Cela est tout à fait réalisable, non seulement en raison de la capacité de décaissement de ces institutions africaines, mais aussi parce que la BAD et d’autres sont déjà désignées comme « détenteurs prescrits » de DTS. Cela signifie qu’ils peuvent détenir, convertir et utiliser des DTS.
En outre, la BAD a conçu au cours des deux dernières années un « instrument de capital hybride (HCI) » grâce auquel les nouveaux DTS peuvent être exploités 3 à 4 fois pour être rétrocédés aux pays membres. Elle a annoncé que pour que le HCI devienne opérationnel, la BAD a besoin d’au moins cinq pays contributeurs de DTS. En outre, certains pays contributeurs potentiels disposent de fonds communs spécifiques qui pourraient facilement être reconstitués avec des DTS. Par exemple, la BAD et la Banque populaire de Chine (PBOC) gèrent ensemble le Fonds Africa Growing Together (AGTF), capitalisé à hauteur de 2 milliards de dollars en 2014 et dont le renouvellement est prévu en 2024.
En matière d’action climatique, les DTS sont également particulièrement utiles dans la mesure où ils permettent aux pays de relever des défis majeurs sans contracter de dette supplémentaire. Alors que le forum COP28 en cours se concentre sur les mécanismes innovants visant à accroître le financement du climat et du développement, il s’agit d’une excellente occasion pour les pays de s’engager à réaffecter leurs DTS par l’intermédiaire de la BAD et d’autres institutions financières africaines.
Une solution à long terme
La deuxième solution au problème des DTS est plus systémique et à long terme. Comme notre PDG l’a récemment expliqué dans un séance sur la réforme de l’architecture financière mondialela nécessité de réaffecter les DTS aux pays africains ne se serait pas fait sentir si le continent africain disposait dès le départ d’une plus grande part des 650 milliards de dollars de nouveaux DTS.
La « formule de quotas » actuelle pour le partage des DTS a été convenue pour la première fois en 1944 par 44 pays fondateurs. Parmi ces pays, quatre seulement étaient africains, dont deux (l’Afrique du Sud et l’Égypte) n’étaient pas encore indépendants. Dans le même temps, certains membres fondateurs, comme le Royaume-Uni et la France, détenaient encore 35 autres colonies et affirmaient que cela devrait leur accorder des parts de quota plus importantes. Cette histoire, ainsi que le fiasco des DTS autour du Covid-19, soulèvent la question de savoir si une réponse à long terme consiste à modifier la formule des quotas.

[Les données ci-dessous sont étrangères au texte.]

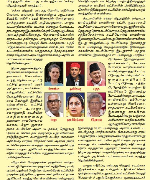 ஸ்டாலினின் சக்கர வியூகத்தில், கர்நாடக மாநிலத்தில் காங்கிரஸ் கட்சி, குமாரசாமி கட்சியோடு உடன்பாடு கொள்வது, ஆந்திராவில் தெலுங்கு தேசக் கட்சியோடும், தெலுங்கானாவில் சந்திரசேகர்ராவ் கட்சியோடும் காங்கிரஸ் இணைந்து போட்டியிடுவது, கேரளாவில் காங்கிரஸ் இடது கம்யூனிஸ்ட்டு கட்சியோடு இணைந்து போட்டியிடுவது, மேற்குவங்கத்தில் திரிணமூல் காங்கிரஸ் கட்சியோடு இடதுசாரி மற்றும் காங்கிரஸ் இணைந்து போட்டியிடுவது, மத்தியப் பிரதேசம், இராஜஸ்தான், ஜார்க்கண்ட், கோவா போன்ற மாநிலங்களில் காங்கிரஸ் தனித்து போட்டியிடுவது, பீகாரில் ராஷ்ட்ரிய ஜனதாதளத்தோடு போட்டியிடுவது. உத்திர பிரதேசத்தில் சமாஜ்வாதி கட்சியோடு இணைந்து போட்டியிடு வது. மராட்டிய மாநிலத்தில் தற்போது உள்ளவாறு சிவசேனா, சரத்பவார் கட்சிகளோடு இணைந்து காங்கிரஸ் போட்டியிடுவது, பஞ்சாப், அரியானா மாநிலங்களில் ஆம்ஆத்மியோடு காங்கிரஸ் இணைந்து போட்டியிடுவது, அசாம் உள்ளிட்ட வடகிழக்கு மாநிலங்களில் நிலைமைக்கு ஏற்ப பாஜக எதிர்ப்பு வியூகத்தை அமைத்துக் கொள்வது என்பதுதான் ஸ்டாலின் தற்போதைய முடிவாக உள்ளது. ஸ்டாலினின் பாஜக தீவிர எதிர்ப்பைத் தொடர்ந்துதான் ஆளுநர் ரவியை வைத்துத் திமுக அரசுக்குப் பாஜக நெருக்கடியைத் தருகிறது என்றும் அரசியல் பார்வையாளர்கள் கருத்து தெரிவிக்கின்றனர்.

Le fiasco des DTS en Afrique a montré que le mandat et les instruments des institutions financières telles que le FMI sont bien trop limités pour résoudre les problèmes mondiaux actuels et futurs. Si le G7, le G20 et d’autres groupes de pays riches sont véritablement déterminés à gérer les futurs défis financiers mondiaux et à lutter contre la crise climatique à l’échelle mondiale, alors il faudrait réaffecter les DTS à l’Afrique et aux institutions africaines dès que possible, puis rectifier de manière significative la formule des quotes-parts du FMI dans les pays africains. faveur, devrait figurer en tête de leur ordre du jour.